• Dataset entries

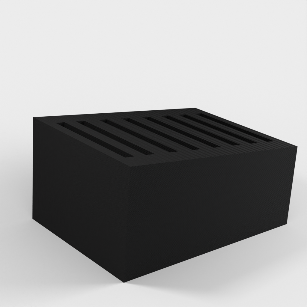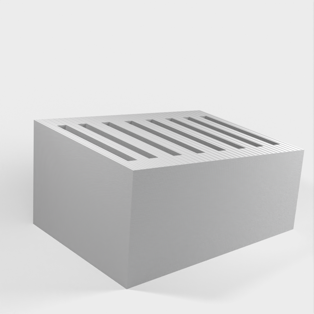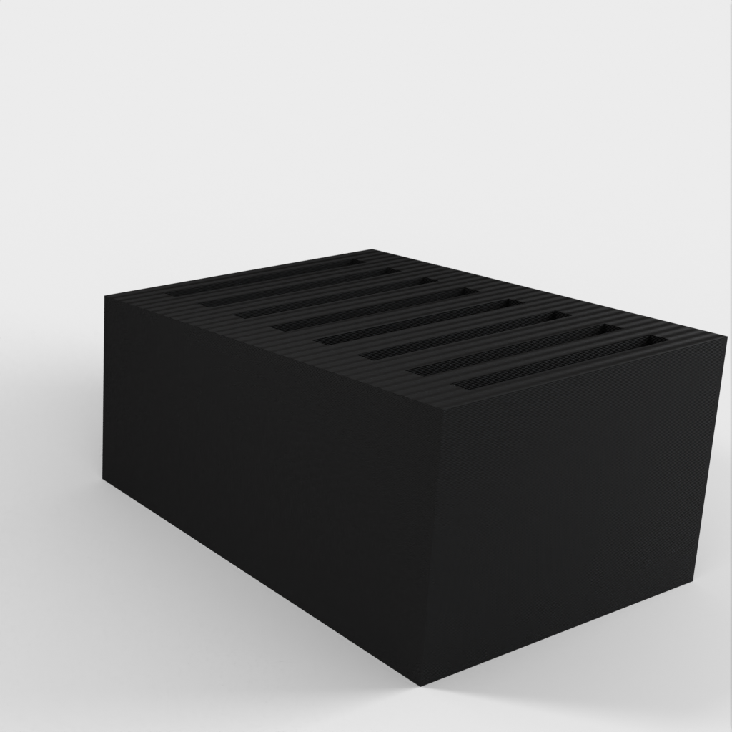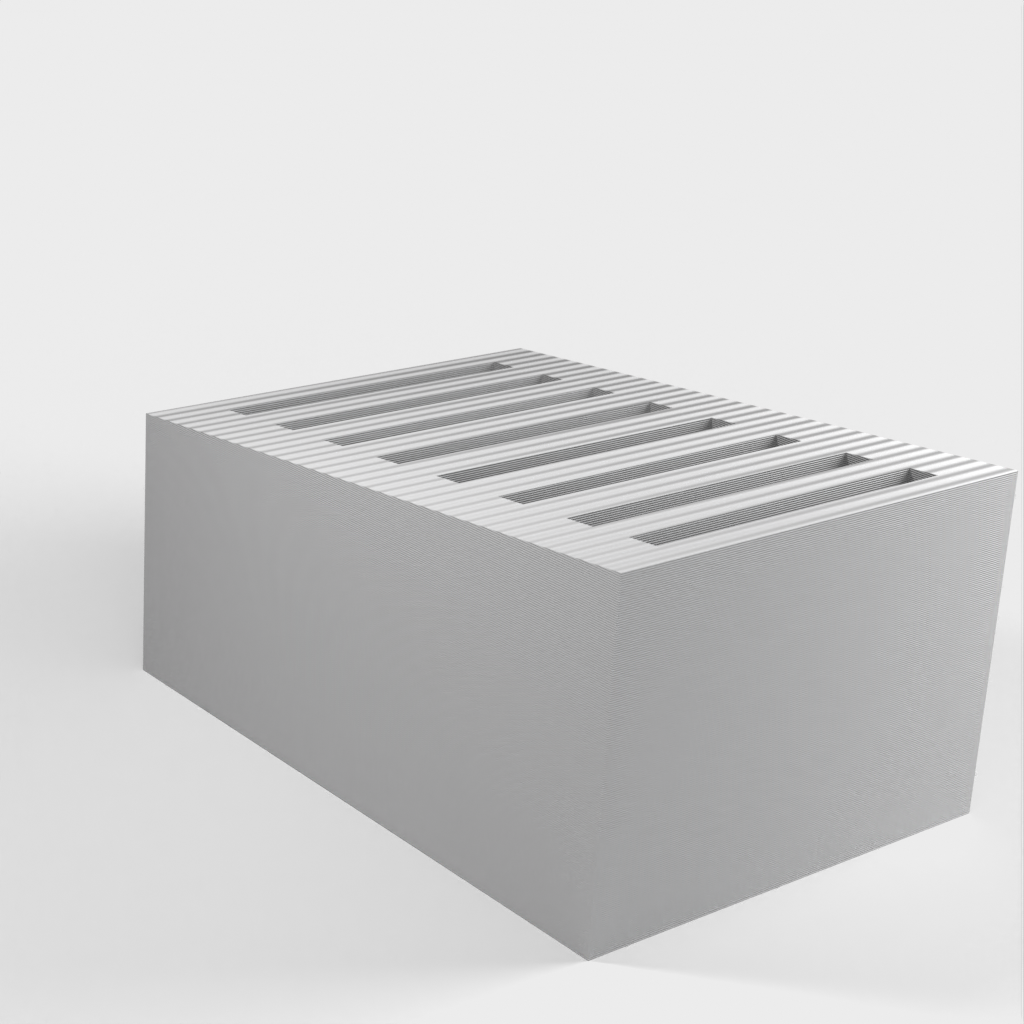 Dit is een eenvoudige SD-kaarthouder waar maximaal 8 SD-kaarten in passen. De sleuven zijn een beetje krap om te voorkomen dat de kaarten eruit vallen als je de houder omkiept. Verder heeft de SD-kaarthouder een heel eenvoudig ontwerp.
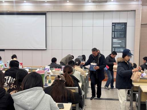 在溫馨融洽的氛圍中,學院領(lǐng)導與老師們親手將一份份精心準備的“考研加油包”送到學生手中。每份加油包內(nèi)不僅有實用的學習文具、緩解疲勞的睡眠眼罩等物資,還附有學弟學妹們親手寫下的祝福賀卡。字里行間承載著真摯的鼓勵與美好的期盼,成為這個冬日里一份特別的精神助力。
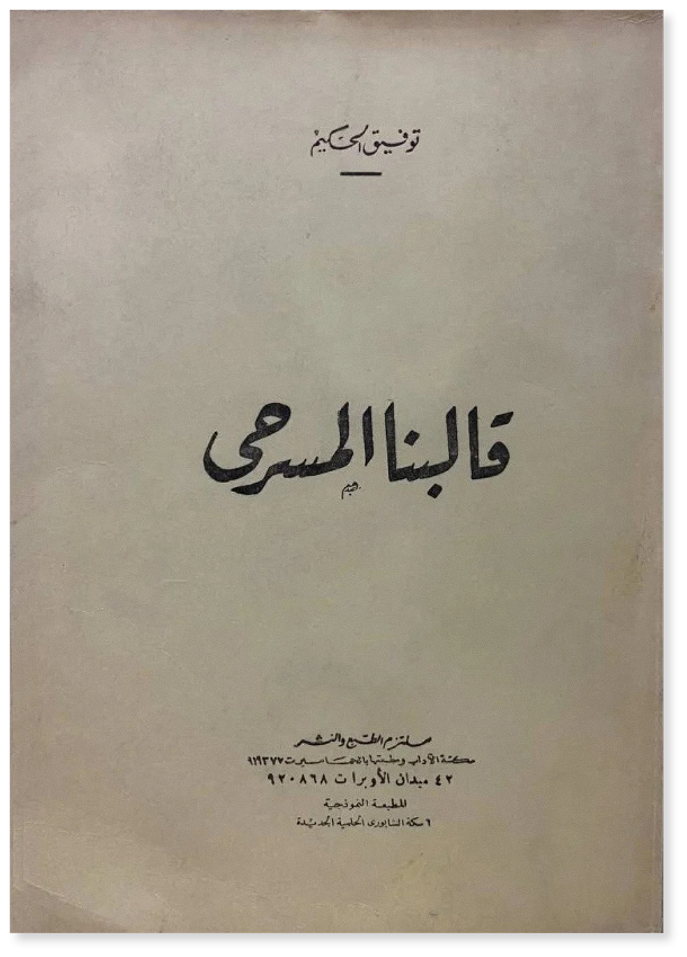وفي كتابه الشهير "قالبنا المسرحي"، قدّم رؤية تقوم على المزاوجة بين التراث القصصي العربي -وخاصة ألف ليلة وليلة- وبين البناء الدرامي الغربي. لم يكن الحكيم داعية قطيعة مع المسرح الغربي، بل سعى إلى «توطينه» ثقافياً.
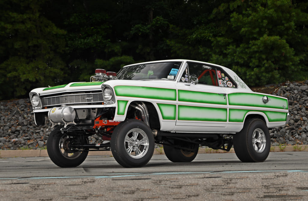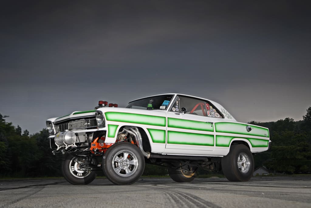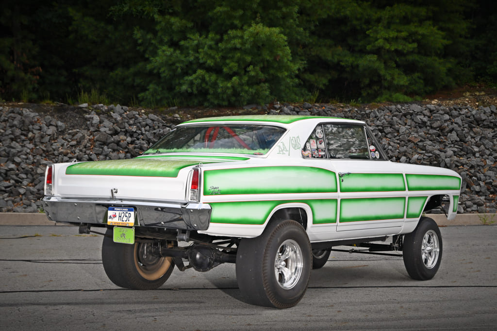 Once David got the Nova back to his garage, he put on a set of Radir Tri-Ribb wheels sourced from good friend and gasser guru Rich Conklin. He worked alongside Rich building hot rods at his shop in Montville, New Jersey. He took one look at the Nova and said, “You’re kidding me, right?” Conklin knew David wanted to bring the nose up and give it a complete gasser makeover. With plenty of work ahead to get this Chevy where David wanted it, the twosome got down to brass tacks.
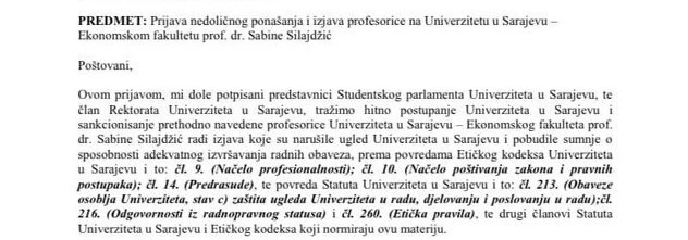 Predstavnici Udruženja Studentski parlament Univerziteta u Sarajevu, Imran Pašalić, Faruk Dević i Edin Maslo, od Etičkog odbora Univerziteta u Sarajevu traže da profesorica Sabinu Silajdžić ide na psihičku procjenu jer sumnjaju u njene „sposobnosti adekvatnog izvršavanja radnih obaveza“.
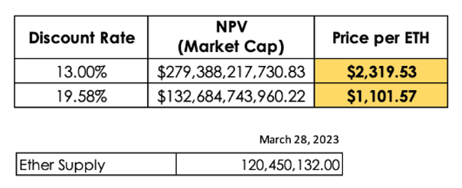 • Results: Assuming a discount rate of 13%, the implied price per one ETH today would be ~$2,320, a 31% increase from ETH’s price ($1,776) as of March 28. On the other hand, if we use a 19.58% discount rate, the implied price per one ETH would be **$1,102**. Investors should interpret the results of this DCF valuation with caution and run their own assumptions regarding projected cash flows and discount rates. The rationale behind our approach was to be conservative and capture the high volatility of ETH in the discount rate to reflect the asset’s riskiness accurately. Another implicit assumption of this approach is that the asset’s monetary premium (Store of Value) is embedded into the DCF.
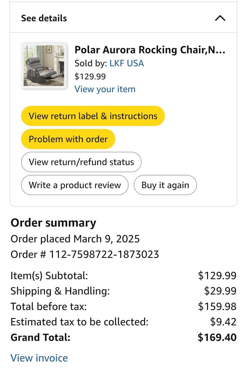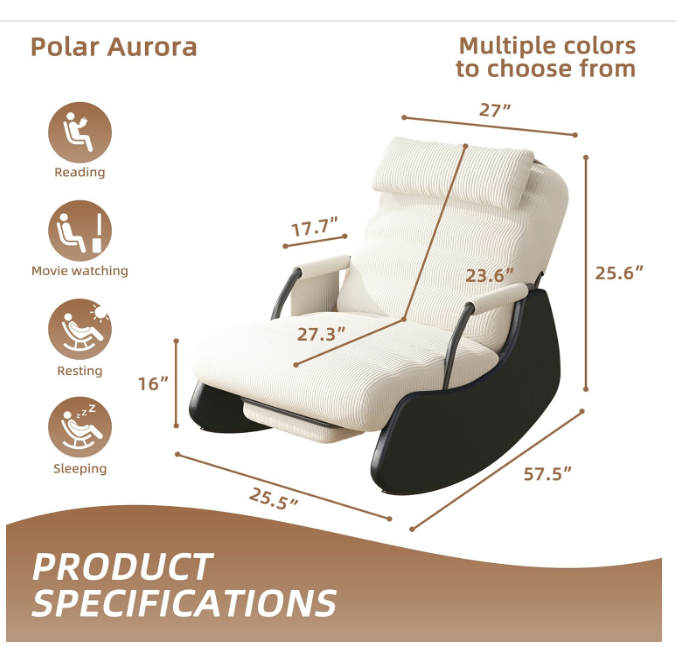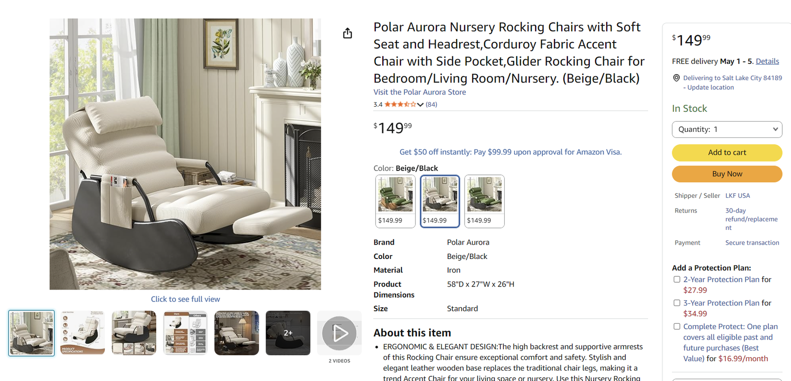 New nursery chair still in the box for sale. We purchased the chair off of Amazon. Before we removed it from the box, we realized it would not fit where we were going to put it. Shipping was too expensive to return it. We paid $169.40. The color is black on the sides and grey cushions. $100.00.
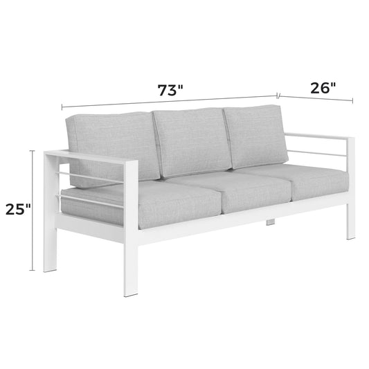 CozyHom 3-Seat Outdoor Patio Aluminum Sofa Furniture Sets Metal Patio Couch With Cushions, Outdoor Accent Chair Patio Long Decorative Sofa/Chairs, White
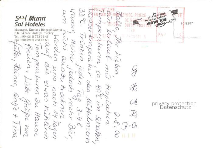 old postcard Antalya Sol Muna Hotel Strand Palmen postalisch gelaufen Erhaltung siehe scans
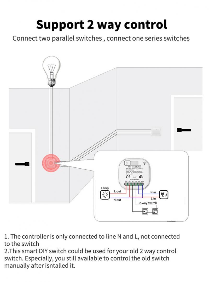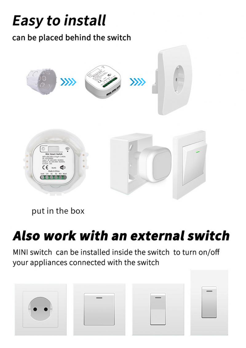 - Eenvoudige installatie – Compact ontwerp dat achter bestaande schakelaars past. Werkt met zowel N- als L-draden.
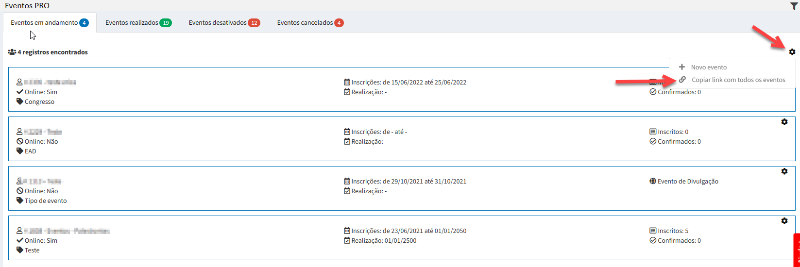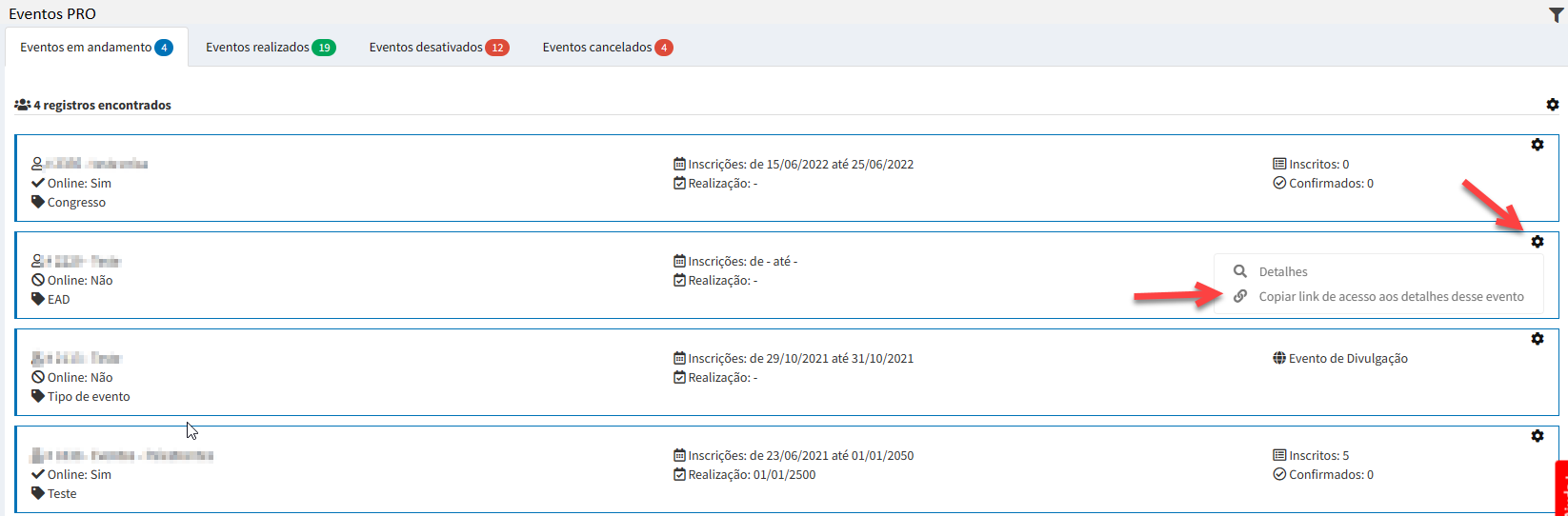 - Copiar link de acesso a listagem com todos os eventos e também link de acesso aos detalhes de cada evento.

• Task brief
The records are to be retyped in full and exactly, with no image carried over.

• Solution to this exercise
 Dit is een eenvoudige SD-kaarthouder waar maximaal 8 SD-kaarten in passen. De sleuven zijn een beetje krap om te voorkomen dat de kaarten eruit vallen als je de houder omkiept. Verder heeft de SD-kaarthouder een heel eenvoudig ontwerp.
 在溫馨融洽的氛圍中,學院領(lǐng)導與老師們親手將一份份精心準備的“考研加油包”送到學生手中。每份加油包內(nèi)不僅有實用的學習文具、緩解疲勞的睡眠眼罩等物資,還附有學弟學妹們親手寫下的祝福賀卡。字里行間承載著真摯的鼓勵與美好的期盼,成為這個冬日里一份特別的精神助力。
وفي كتابه الشهير "قالبنا المسرحي"، قدّم رؤية تقوم على المزاوجة بين التراث القصصي العربي -وخاصة ألف ليلة وليلة- وبين البناء الدرامي الغربي. لم يكن الحكيم داعية قطيعة مع المسرح الغربي، بل سعى إلى «توطينه» ثقافياً.
 Once David got the Nova back to his garage, he put on a set of Radir Tri-Ribb wheels sourced from good friend and gasser guru Rich Conklin. He worked alongside Rich building hot rods at his shop in Montville, New Jersey. He took one look at the Nova and said, “You’re kidding me, right?” Conklin knew David wanted to bring the nose up and give it a complete gasser makeover. With plenty of work ahead to get this Chevy where David wanted it, the twosome got down to brass tacks.
 Predstavnici Udruženja Studentski parlament Univerziteta u Sarajevu, Imran Pašalić, Faruk Dević i Edin Maslo, od Etičkog odbora Univerziteta u Sarajevu traže da profesorica Sabinu Silajdžić ide na psihičku procjenu jer sumnjaju u njene „sposobnosti adekvatnog izvršavanja radnih obaveza“.
 • Results: Assuming a discount rate of 13%, the implied price per one ETH today would be ~$2,320, a 31% increase from ETH’s price ($1,776) as of March 28. On the other hand, if we use a 19.58% discount rate, the implied price per one ETH would be **$1,102**. Investors should interpret the results of this DCF valuation with caution and run their own assumptions regarding projected cash flows and discount rates. The rationale behind our approach was to be conservative and capture the high volatility of ETH in the discount rate to reflect the asset’s riskiness accurately. Another implicit assumption of this approach is that the asset’s monetary premium (Store of Value) is embedded into the DCF.
 New nursery chair still in the box for sale. We purchased the chair off of Amazon. Before we removed it from the box, we realized it would not fit where we were going to put it. Shipping was too expensive to return it. We paid $169.40. The color is black on the sides and grey cushions. $100.00.
 CozyHom 3-Seat Outdoor Patio Aluminum Sofa Furniture Sets Metal Patio Couch With Cushions, Outdoor Accent Chair Patio Long Decorative Sofa/Chairs, White
 old postcard Antalya Sol Muna Hotel Strand Palmen postalisch gelaufen Erhaltung siehe scans
 - Eenvoudige installatie – Compact ontwerp dat achter bestaande schakelaars past. Werkt met zowel N- als L-draden.
 - Copiar link de acesso a listagem com todos os eventos e também link de acesso aos detalhes de cada evento.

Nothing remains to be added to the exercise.